A final study was conducted by introducing noise on the five-dimensional TriPeak ground truth function using the pessimistic buffer policy across two to six dimensions. Shown in Fig. 4, increasing the noise of the ground truth system resulted in less efficient optimization algorithms in most cases, but the serial policy at higher dimensions gained a performance advantage that is likely due to the normalization effect of noisy sampling. Similar to the no noise simulations, the serial policy outperformed the asynchronous policies for all noise levels at lower dimensionality, and the magnitude of the sampling penalty increased as the buffer size increased. While the introduction of noise negates any advantage with respect to experiment number attained by the buffer policies at five and six dimensions, the asynchronous policies substantially overlap with the results of the serial policy with respect to experiment number at these higher dimensions. The pessimistic policy outperforms the realistic policy for most sets of comparable conditions, as seen in SI Fig. S7. This result further supports the notion that large buffers in pessimistic asynchronous sampling algorithms can provide faster optimizations with negligible impact on experimental efficiency.

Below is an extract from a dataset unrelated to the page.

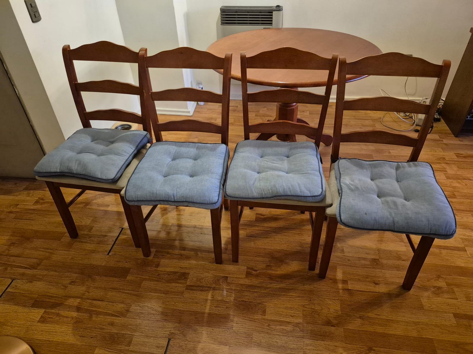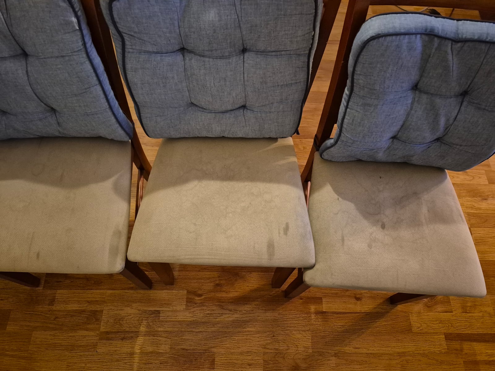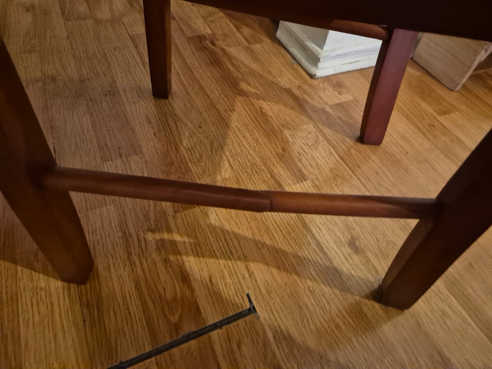 Picaduras por choque con la mesa, tapiz sucio, una de las sillas tiene un travesaño partido
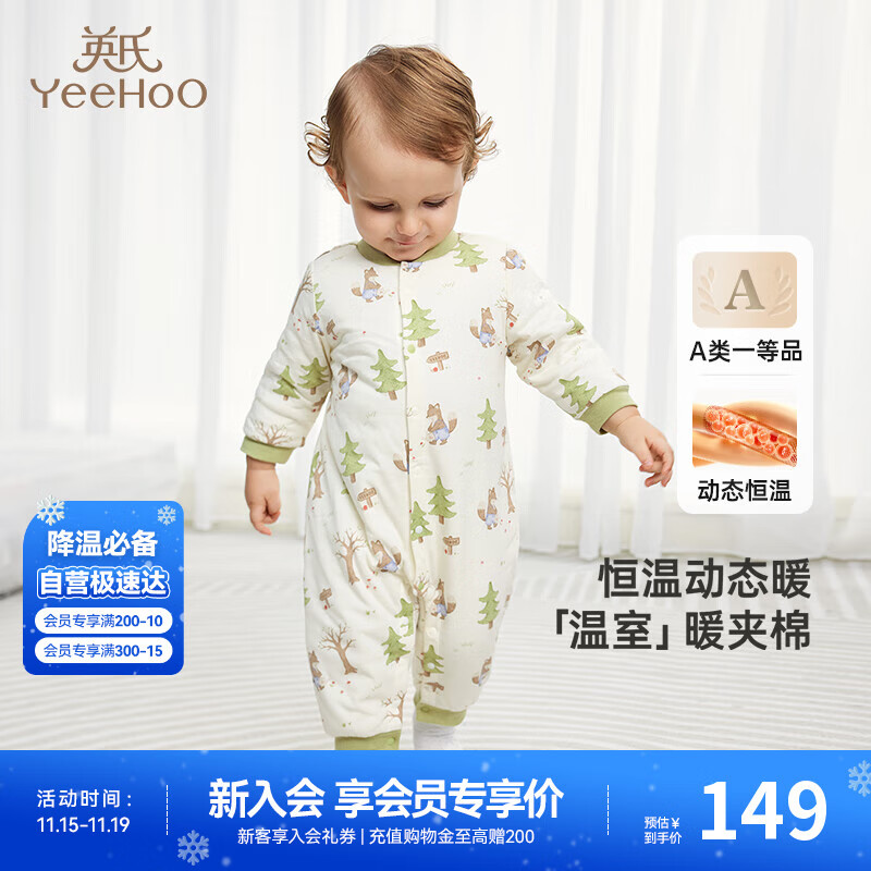 英氏(YEEHOO)夹棉连体衣动态恒温婴儿衣服秋冬保暖新生儿衣服精梳棉宝宝爬服

	Fig. 4 Simulation results of pessimistic decision policies on TriPeak at different dimensionalities and noise levels. The median loss across all randomized simulated campaigns as a function of the number of experiments across (columns) two, three, four, five, and six-dimensional ground truth spaces with (A) 1%, (B) 2%, and (C) 5% noise. Sampling noise is applied by randomly sampling from a normal distribution with a standard deviation equal to the specified noise value and adding the noise sample to the ground truth output. Each dimensional plot is the result of 200 replicates. The loss is calculated from the noiseless ground truth and does not reflect the values sampled from the ground truth during each trials campaign.

By implementing pessimistic predictions through model integration, the asynchronous sampling policies presented here could more effectively navigate higher dimension parameter spaces through more efficient and comprehensive integration of pessimism. In the complex experimental spaces relevant to algorithm driven experimentation, asynchronous policies provide a notable advantage to serial algorithms when parallel operation is viable. Furthermore, pessimistic asynchronous policies may provide an additional advantage over realistic hallucinations.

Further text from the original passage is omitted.